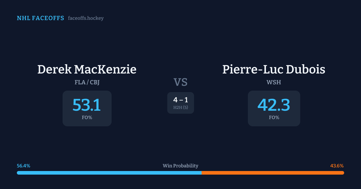 Derek MacKenzie vs Pierre-Luc Dubois — Faceoff Head-to-Head
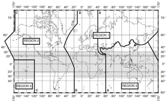 Division of the world into three geographical zones by ITU-R (Adapted from [5]).
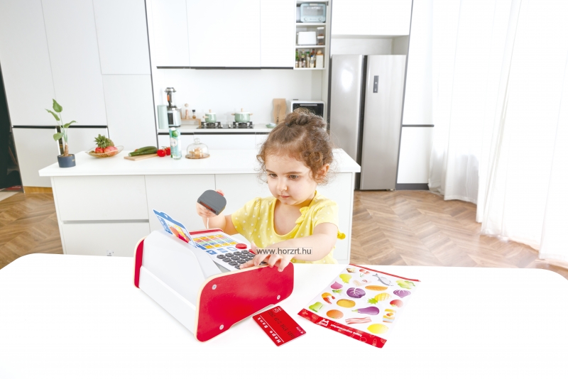 A Hape különleges pénztárgépe minden boltos szerepjáték nélkülözhetetlen kiegészítője. A kis pénztárosok be tudják ütni a megvásárolt termékek árait a pénztárgépbe és így ki is tudják számolni a fizetendő összeget. A pénztárgép különlegessége, hogy a beépített számológép napelemmel működik.

###

- Activity:
Could the listing above be printed again in full, with every picture omitted?

- Solution for this exercise:
 Derek MacKenzie vs Pierre-Luc Dubois — Faceoff Head-to-Head
 Division of the world into three geographical zones by ITU-R (Adapted from [5]).
 A Hape különleges pénztárgépe minden boltos szerepjáték nélkülözhetetlen kiegészítője. A kis pénztárosok be tudják ütni a megvásárolt termékek árait a pénztárgépbe és így ki is tudják számolni a fizetendő összeget. A pénztárgép különlegessége, hogy a beépített számológép napelemmel működik.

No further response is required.